- [ABOUT THIS EXERCISE]:
A faithful transcription is wanted of the lines from the top of the material through the line that holds "HairDesigner(Creator)와 HairDye(Product)로 팩토리", both ends included, leaving out the pictures.

- [INPUT DATA]:

*** Begin section ***

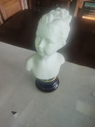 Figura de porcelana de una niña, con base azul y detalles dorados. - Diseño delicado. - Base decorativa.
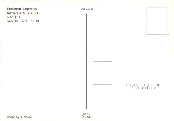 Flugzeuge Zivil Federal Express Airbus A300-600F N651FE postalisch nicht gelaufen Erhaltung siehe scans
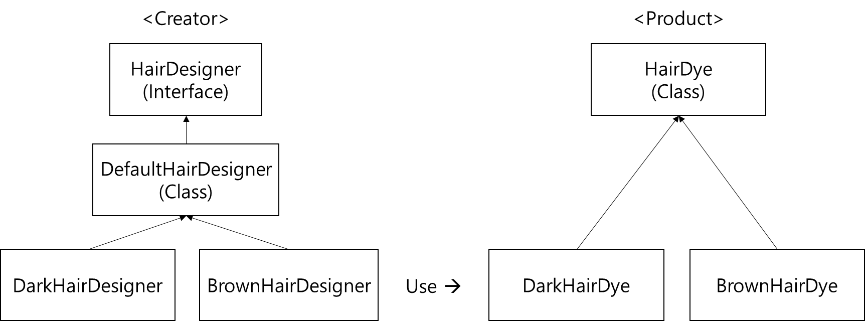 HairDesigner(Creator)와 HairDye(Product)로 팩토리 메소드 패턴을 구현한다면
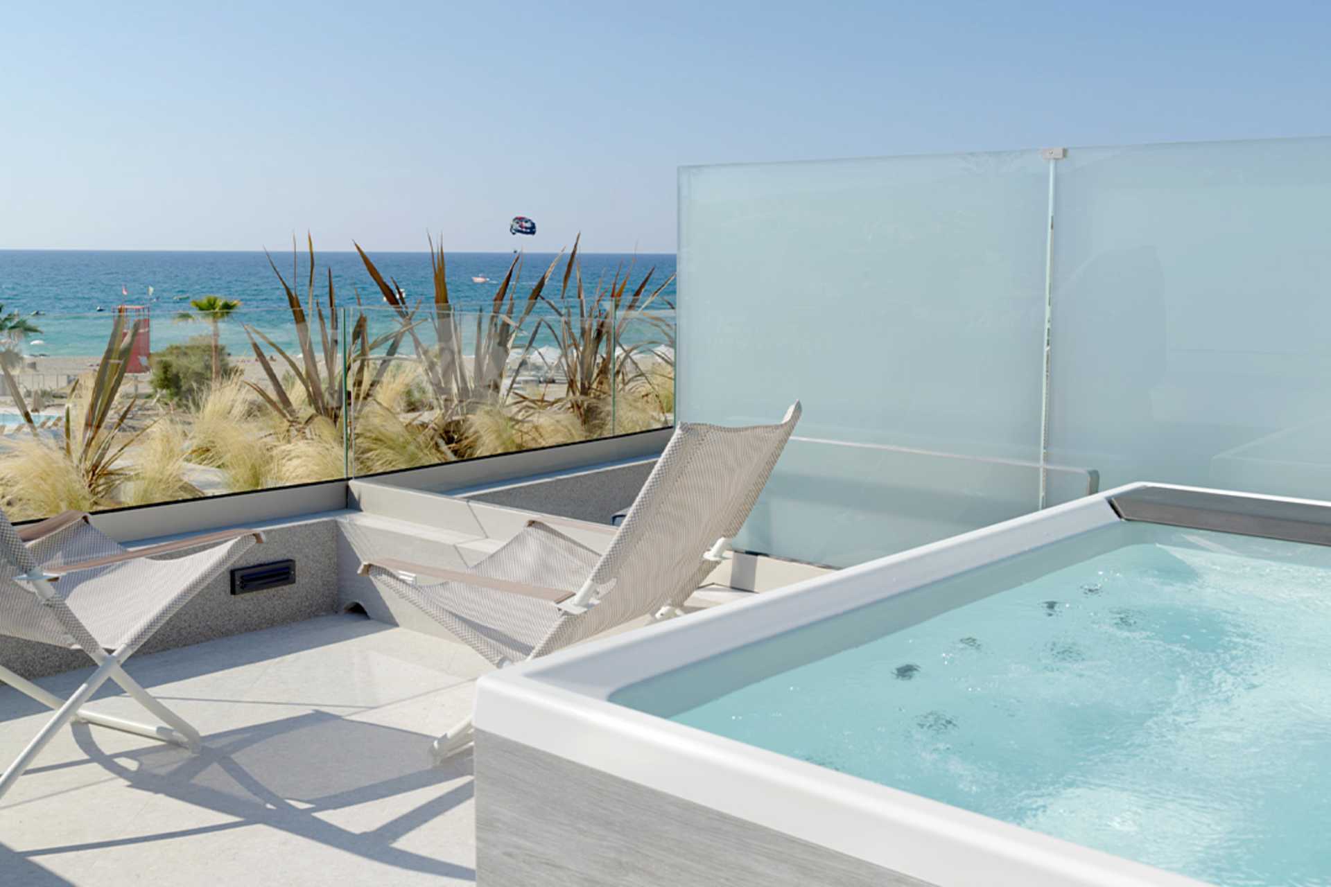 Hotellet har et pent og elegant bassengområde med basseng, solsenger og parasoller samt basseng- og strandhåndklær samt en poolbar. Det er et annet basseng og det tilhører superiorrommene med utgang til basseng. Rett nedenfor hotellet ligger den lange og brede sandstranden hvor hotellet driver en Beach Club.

*** End section ***

- [EXPECTED ANSWER]:
 Figura de porcelana de una niña, con base azul y detalles dorados. - Diseño delicado. - Base decorativa.
 Flugzeuge Zivil Federal Express Airbus A300-600F N651FE postalisch nicht gelaufen Erhaltung siehe scans
 HairDesigner(Creator)와 HairDye(Product)로 팩토리 메소드 패턴을 구현한다면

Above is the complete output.